| | Ethan,
Thank you for your concern, but my bunny hopped off years ago. I'm also not in the bunny business anymore. (For a long time after our breakup, I would only date ugly women, but I eventually got over that.)
For the record, I didn't state that "Rand is false." I said that it didn't work for me, specifically basing love solely on morality I'll even throw in virtue right now for good measure. I suppose I should clear up a few things, though.
My whole posture is not to disprove Ayn Rand, but instead to discuss my experiences, thoughts and conclusions as a complement to her ideas, even when I disagree with something she wrote. Ever since I read Atlas Shrugged for the first time (somewhere around 1970), I have tried to apply her philosophy to my own life with varying degrees of success and failure. When something hasn't worked, I talk about it. I try to find something that does (which, in the case of healthy love, is balance).
The level of emotion you describe is more suited to the neocortex.

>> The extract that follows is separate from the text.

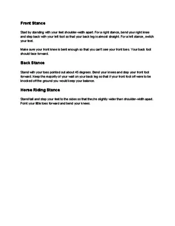 2Start with the ready stance. The stances above are fighting stances. However, at the beginning of any spar, you'll need to begin with the ready stance. You have three basic options:[7]
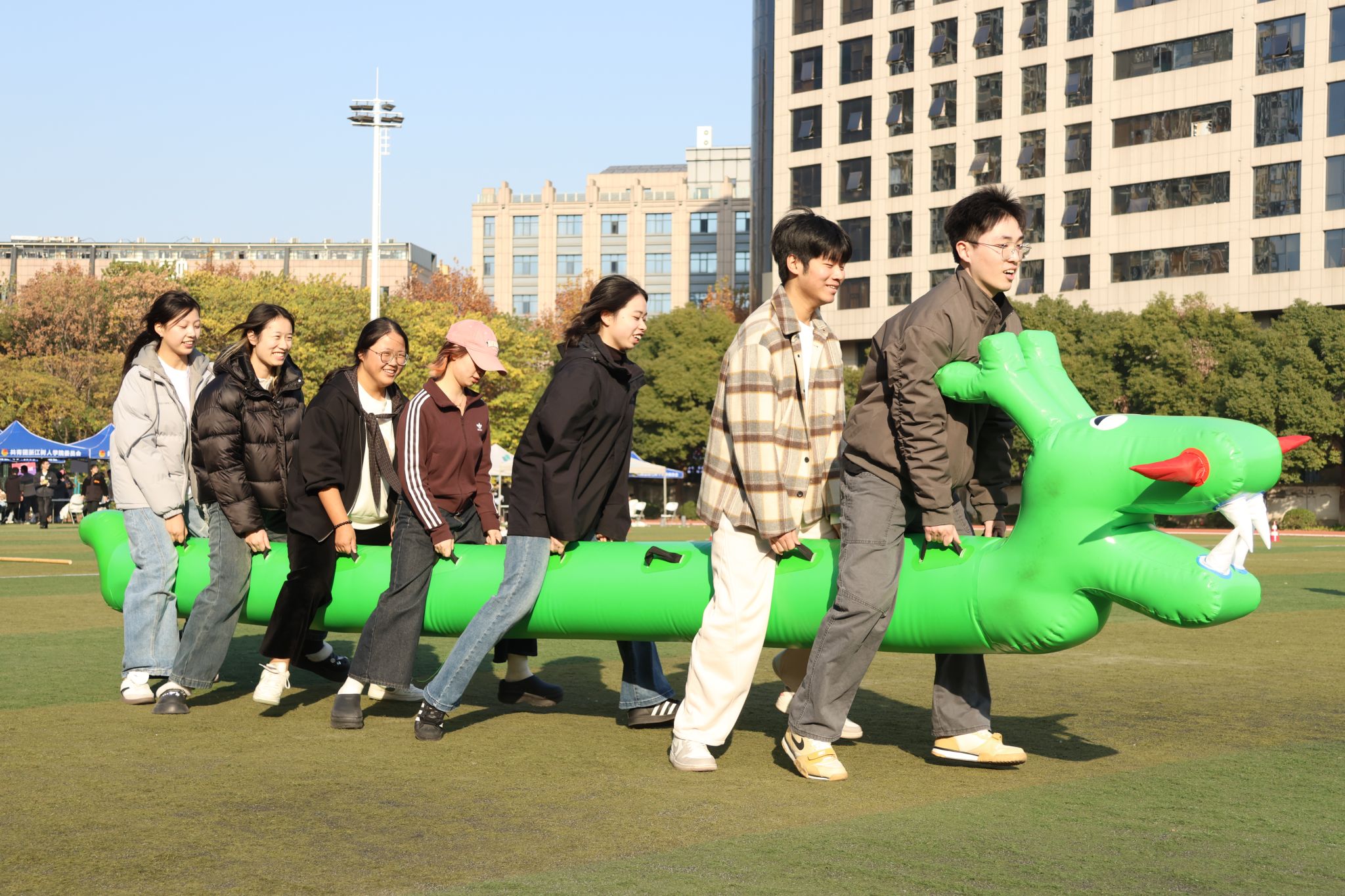 启动仪式当日,现场设置了丰富多彩的趣味体育活动。“大脚板”“旱地龙舟”“同心鼓”“背夹气球”“旋风跑”等项目妙趣横生,笑声与加油声此起彼伏。同学们在轻松愉快的氛围中密切配合,体验运动乐趣,凝聚团队力量。

What I am talking about goes much deeper into the brain complex, the pre-reason part where the base reptilian emotions - get food, flee, mate - start to flower into richer more complex feelings. Love at that level has nothing to do with morality. That only happens when an emotion gets to the neocortex, but by then many non-chosen biases have already already been set. And that is where sometimes all hell breaks loose. All this is part of species-oriented emotions, which I have seen mentioned or alluded to very little in the Objectivist literature.
Jealousy. Here I am sorry to say that I simply do not agree with your definition. Anyone who has had a dog or cat has seen them become jealous over another animal or attention given to another. I don't think that this comes from these animals evading anything. Human jealousy does not change this nature. It just gets more complicated and sometimes really dangerous. In Objectivist history, look at what Ms. Rand did with Nathanial. She even slapped him a couple of times. And that from the hardcore proponent of non-initiation of force!
Repression. What I repressed was my real feelings for years, trying to put them into a straight-jacket of Objectivist-type categories. When you repress anything you are going to get into real trouble one day (and might even get cancer to boot). In my case, something popped and I "took a walk on the wild side." Yes, I did actually love my bunny, too. But at that time I was damned if I could say why. The type of definitions you give are precisely what had been running and stopping up my real feelings for a long time when bunny hopped up.
Then boom.
For all practical purposes, Michael Objectivist was no more for quite a while.
On a personal note, if you are experiencing a deep uncomplicated love with another person that allows you to live with these more simple definitions about emotions, good for you. I mean it. Treasure this. You have my most heartfelt blessing.